» GIVEN ENTRIES:

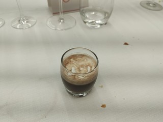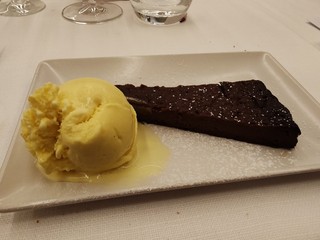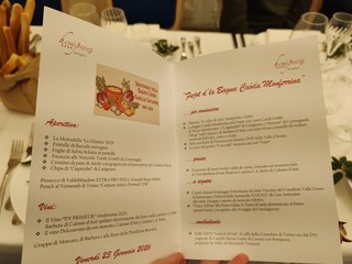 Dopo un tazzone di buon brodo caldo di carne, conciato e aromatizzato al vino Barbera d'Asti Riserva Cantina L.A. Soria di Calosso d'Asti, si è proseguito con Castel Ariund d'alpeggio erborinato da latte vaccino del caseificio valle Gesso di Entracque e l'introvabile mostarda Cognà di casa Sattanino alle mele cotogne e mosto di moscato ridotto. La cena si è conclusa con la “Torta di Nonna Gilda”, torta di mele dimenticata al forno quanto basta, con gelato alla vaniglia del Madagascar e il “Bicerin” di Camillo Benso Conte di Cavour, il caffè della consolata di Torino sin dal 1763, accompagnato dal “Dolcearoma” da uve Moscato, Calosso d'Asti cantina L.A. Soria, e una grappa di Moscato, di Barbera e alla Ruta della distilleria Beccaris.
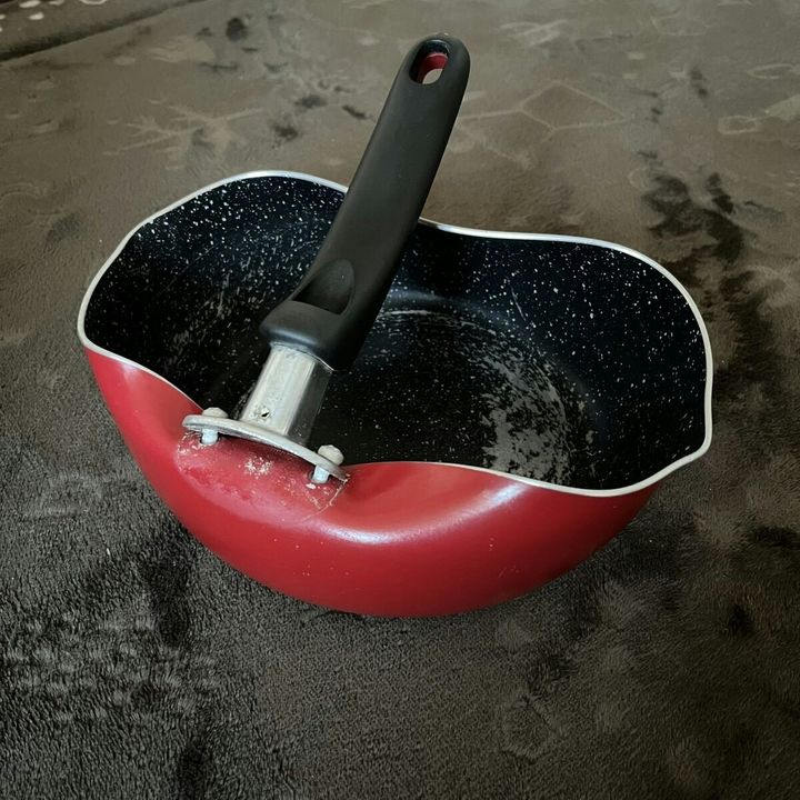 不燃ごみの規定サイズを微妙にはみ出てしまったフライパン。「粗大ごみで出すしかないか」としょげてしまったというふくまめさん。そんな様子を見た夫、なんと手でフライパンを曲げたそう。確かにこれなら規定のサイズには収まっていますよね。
==
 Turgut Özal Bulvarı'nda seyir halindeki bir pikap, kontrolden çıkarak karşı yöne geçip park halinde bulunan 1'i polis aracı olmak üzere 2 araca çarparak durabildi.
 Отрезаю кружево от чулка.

» EXERCISE DETAILS: Among the records above, repeat exactly the line with "Turgut Özal Bulvarı'nda", the line with "Отрезаю кружево от чулка.", and every line in between, and only those.

» SOLUTION FOR THIS PROBLEM:
 Turgut Özal Bulvarı'nda seyir halindeki bir pikap, kontrolden çıkarak karşı yöne geçip park halinde bulunan 1'i polis aracı olmak üzere 2 araca çarparak durabildi.
 Отрезаю кружево от чулка.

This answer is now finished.